Up to and including the line with "Usage: Visiting this", restate the records below word for word, beginning with their first line.

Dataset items
# # # # # # #

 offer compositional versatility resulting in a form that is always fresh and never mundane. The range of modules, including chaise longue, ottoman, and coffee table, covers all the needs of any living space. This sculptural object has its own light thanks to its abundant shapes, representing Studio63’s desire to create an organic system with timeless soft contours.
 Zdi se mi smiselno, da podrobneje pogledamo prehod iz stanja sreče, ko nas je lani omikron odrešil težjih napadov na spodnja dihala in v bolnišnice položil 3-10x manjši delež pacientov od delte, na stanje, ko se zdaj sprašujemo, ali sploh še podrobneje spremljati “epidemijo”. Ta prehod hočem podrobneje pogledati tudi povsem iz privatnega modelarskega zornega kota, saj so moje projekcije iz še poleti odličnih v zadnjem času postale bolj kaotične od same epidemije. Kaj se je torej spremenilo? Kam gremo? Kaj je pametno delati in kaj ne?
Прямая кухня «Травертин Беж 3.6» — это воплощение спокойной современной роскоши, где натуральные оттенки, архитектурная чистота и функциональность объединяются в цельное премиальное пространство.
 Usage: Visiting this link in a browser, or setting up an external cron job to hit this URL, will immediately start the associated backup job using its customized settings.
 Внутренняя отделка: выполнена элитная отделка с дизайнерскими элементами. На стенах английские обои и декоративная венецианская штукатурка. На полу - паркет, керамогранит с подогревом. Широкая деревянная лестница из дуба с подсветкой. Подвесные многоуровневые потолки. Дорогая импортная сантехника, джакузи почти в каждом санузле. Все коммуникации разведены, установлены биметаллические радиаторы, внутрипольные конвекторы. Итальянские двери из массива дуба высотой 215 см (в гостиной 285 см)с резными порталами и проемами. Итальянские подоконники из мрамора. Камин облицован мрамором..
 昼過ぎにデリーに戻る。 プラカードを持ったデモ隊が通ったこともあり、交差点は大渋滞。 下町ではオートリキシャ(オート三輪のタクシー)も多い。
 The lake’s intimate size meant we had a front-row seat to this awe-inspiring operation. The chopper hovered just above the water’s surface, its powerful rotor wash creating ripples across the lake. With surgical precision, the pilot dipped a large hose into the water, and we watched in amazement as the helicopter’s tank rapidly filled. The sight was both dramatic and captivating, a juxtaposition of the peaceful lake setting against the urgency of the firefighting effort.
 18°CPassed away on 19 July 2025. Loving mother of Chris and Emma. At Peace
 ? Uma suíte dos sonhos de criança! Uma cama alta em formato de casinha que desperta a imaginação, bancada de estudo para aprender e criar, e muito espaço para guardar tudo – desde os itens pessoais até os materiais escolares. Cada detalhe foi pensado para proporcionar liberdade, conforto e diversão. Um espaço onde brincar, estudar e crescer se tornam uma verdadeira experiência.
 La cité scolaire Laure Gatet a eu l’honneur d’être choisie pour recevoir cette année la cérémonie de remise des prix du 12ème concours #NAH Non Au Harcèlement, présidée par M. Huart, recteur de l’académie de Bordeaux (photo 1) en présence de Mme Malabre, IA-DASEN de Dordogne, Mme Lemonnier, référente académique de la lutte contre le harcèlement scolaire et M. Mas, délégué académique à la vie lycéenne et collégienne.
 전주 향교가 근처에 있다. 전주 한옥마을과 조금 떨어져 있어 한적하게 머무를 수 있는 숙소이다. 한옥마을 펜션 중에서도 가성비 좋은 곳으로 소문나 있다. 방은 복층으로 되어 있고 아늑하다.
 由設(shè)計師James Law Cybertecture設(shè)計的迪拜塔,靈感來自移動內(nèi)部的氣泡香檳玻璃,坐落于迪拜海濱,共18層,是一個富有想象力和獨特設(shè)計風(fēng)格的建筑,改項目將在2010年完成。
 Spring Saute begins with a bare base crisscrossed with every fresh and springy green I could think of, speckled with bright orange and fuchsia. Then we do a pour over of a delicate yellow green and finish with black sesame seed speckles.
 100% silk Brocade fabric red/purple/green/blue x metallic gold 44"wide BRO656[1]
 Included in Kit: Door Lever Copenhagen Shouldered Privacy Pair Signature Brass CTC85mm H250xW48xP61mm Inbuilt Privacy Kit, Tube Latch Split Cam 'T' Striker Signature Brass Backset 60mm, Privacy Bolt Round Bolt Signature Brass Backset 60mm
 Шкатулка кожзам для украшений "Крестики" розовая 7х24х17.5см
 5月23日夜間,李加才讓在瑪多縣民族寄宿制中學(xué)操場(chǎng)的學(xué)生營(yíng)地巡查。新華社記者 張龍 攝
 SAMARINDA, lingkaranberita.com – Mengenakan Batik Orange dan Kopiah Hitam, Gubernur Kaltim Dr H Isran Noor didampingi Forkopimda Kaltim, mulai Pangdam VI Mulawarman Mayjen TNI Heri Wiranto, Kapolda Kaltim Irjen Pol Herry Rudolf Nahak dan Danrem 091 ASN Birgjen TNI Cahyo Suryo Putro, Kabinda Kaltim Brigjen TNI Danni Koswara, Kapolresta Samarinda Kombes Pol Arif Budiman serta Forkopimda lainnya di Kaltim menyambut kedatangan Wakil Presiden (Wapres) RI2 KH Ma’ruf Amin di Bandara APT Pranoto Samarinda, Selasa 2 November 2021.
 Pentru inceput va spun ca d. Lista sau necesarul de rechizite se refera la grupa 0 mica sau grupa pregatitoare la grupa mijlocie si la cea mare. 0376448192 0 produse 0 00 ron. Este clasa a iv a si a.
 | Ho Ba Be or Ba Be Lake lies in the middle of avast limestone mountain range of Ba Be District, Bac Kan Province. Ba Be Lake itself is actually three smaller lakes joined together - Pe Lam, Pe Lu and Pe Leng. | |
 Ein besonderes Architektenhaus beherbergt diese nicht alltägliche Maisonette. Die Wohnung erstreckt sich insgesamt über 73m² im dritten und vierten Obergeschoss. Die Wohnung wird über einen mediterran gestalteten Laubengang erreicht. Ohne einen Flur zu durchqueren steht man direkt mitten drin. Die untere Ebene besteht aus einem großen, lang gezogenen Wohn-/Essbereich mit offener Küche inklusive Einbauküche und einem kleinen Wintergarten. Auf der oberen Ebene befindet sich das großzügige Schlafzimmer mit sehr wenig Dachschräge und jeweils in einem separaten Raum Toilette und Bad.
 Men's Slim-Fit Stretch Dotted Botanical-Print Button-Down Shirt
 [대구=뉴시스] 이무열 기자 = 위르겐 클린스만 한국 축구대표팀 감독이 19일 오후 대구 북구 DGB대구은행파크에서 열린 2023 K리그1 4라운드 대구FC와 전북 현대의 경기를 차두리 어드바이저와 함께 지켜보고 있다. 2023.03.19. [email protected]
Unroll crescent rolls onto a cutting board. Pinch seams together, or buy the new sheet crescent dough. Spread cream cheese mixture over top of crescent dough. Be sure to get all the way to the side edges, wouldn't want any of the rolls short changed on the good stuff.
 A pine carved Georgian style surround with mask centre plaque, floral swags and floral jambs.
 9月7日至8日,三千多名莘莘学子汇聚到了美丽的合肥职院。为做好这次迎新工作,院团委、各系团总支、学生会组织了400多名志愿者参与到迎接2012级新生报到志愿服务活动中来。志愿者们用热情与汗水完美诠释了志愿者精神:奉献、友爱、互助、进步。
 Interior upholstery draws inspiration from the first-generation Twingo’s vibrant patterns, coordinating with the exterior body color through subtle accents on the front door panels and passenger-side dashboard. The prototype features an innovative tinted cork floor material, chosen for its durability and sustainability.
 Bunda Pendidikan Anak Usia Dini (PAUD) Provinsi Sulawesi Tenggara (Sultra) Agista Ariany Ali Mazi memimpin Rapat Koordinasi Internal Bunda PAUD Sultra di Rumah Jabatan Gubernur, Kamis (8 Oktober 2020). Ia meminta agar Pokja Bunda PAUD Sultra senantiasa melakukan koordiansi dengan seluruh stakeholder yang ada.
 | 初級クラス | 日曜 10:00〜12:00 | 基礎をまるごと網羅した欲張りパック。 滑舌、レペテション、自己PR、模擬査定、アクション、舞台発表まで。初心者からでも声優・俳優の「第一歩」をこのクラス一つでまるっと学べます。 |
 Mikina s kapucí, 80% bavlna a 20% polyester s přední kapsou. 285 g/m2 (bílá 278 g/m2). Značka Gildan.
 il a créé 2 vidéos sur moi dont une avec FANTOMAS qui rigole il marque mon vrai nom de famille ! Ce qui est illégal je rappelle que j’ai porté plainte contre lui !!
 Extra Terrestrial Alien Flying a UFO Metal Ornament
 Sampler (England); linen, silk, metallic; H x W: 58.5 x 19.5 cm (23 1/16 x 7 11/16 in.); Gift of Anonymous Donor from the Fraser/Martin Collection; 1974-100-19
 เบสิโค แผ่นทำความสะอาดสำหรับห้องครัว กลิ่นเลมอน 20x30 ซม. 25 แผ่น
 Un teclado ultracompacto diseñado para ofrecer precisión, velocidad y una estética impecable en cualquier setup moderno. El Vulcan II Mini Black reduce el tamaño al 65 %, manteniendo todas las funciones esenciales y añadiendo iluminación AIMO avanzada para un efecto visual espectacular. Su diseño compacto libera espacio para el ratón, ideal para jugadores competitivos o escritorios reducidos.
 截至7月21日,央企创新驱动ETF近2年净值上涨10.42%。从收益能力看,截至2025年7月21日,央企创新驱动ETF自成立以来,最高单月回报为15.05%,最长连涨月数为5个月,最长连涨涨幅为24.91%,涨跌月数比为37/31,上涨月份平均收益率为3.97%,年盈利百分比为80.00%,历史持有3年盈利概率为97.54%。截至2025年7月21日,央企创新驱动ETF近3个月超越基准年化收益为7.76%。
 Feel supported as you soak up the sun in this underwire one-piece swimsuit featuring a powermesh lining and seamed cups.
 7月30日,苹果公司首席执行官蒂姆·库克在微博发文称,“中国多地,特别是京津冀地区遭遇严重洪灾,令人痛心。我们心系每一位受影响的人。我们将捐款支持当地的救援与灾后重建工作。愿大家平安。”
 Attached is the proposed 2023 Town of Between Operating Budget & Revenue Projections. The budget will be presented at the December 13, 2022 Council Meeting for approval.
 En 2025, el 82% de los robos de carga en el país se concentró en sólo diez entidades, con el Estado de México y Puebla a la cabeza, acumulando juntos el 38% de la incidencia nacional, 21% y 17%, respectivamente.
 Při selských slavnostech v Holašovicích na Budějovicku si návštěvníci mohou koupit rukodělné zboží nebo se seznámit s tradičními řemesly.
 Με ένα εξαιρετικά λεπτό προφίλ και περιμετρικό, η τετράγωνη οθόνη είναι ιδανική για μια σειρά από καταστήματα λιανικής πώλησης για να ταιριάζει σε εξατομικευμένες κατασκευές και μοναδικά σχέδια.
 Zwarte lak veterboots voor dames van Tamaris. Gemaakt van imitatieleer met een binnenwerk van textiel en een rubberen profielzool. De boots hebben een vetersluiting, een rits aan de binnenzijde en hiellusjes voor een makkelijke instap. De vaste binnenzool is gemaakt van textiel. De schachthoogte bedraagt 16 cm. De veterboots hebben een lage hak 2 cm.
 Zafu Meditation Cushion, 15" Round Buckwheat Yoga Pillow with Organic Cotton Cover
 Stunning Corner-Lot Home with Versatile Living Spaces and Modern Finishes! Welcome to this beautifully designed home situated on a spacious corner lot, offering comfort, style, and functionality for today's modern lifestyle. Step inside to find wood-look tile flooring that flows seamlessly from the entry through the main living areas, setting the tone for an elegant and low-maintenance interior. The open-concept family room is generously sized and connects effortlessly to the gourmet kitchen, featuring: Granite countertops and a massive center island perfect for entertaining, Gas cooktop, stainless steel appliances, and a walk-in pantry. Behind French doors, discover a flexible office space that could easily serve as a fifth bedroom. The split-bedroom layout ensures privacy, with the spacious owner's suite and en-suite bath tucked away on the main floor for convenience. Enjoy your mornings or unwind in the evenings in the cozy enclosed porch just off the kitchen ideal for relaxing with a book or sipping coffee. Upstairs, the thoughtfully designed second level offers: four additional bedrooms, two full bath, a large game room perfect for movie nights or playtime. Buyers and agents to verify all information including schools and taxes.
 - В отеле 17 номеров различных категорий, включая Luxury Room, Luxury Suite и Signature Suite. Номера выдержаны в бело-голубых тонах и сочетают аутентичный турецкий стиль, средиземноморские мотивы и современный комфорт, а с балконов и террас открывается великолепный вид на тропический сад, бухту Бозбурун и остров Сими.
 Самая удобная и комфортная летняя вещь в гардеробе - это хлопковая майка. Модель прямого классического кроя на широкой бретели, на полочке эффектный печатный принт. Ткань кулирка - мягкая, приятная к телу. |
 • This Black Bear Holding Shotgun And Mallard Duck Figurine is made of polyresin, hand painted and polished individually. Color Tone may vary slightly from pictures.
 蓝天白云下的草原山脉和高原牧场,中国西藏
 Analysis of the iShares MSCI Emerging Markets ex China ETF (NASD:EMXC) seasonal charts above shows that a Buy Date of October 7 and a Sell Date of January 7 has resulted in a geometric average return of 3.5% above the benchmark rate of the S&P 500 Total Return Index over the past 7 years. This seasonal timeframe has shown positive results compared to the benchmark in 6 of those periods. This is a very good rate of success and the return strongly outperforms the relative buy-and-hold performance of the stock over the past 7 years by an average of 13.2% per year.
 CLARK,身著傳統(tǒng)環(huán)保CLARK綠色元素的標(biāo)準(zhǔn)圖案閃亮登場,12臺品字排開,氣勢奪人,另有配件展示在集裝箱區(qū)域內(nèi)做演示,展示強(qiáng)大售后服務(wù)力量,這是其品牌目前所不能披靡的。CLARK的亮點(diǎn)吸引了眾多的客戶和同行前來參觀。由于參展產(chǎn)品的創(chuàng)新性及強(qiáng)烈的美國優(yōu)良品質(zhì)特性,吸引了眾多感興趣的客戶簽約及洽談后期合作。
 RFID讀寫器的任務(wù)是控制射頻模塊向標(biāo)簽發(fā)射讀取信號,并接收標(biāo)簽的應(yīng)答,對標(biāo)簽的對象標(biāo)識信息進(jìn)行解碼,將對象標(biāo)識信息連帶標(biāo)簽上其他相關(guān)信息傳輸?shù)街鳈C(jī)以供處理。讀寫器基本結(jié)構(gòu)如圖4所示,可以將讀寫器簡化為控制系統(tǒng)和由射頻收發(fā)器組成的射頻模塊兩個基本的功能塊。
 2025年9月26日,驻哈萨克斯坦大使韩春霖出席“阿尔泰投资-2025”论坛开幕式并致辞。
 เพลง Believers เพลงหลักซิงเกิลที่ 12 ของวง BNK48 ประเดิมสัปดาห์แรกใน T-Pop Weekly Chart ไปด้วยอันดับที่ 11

# # # # # # #

■ **EXERCISE OUTPUT**
 offer compositional versatility resulting in a form that is always fresh and never mundane. The range of modules, including chaise longue, ottoman, and coffee table, covers all the needs of any living space. This sculptural object has its own light thanks to its abundant shapes, representing Studio63’s desire to create an organic system with timeless soft contours.
 Zdi se mi smiselno, da podrobneje pogledamo prehod iz stanja sreče, ko nas je lani omikron odrešil težjih napadov na spodnja dihala in v bolnišnice položil 3-10x manjši delež pacientov od delte, na stanje, ko se zdaj sprašujemo, ali sploh še podrobneje spremljati “epidemijo”. Ta prehod hočem podrobneje pogledati tudi povsem iz privatnega modelarskega zornega kota, saj so moje projekcije iz še poleti odličnih v zadnjem času postale bolj kaotične od same epidemije. Kaj se je torej spremenilo? Kam gremo? Kaj je pametno delati in kaj ne?
Прямая кухня «Травертин Беж 3.6» — это воплощение спокойной современной роскоши, где натуральные оттенки, архитектурная чистота и функциональность объединяются в цельное премиальное пространство.
 Usage: Visiting this link in a browser, or setting up an external cron job to hit this URL, will immediately start the associated backup job using its customized settings.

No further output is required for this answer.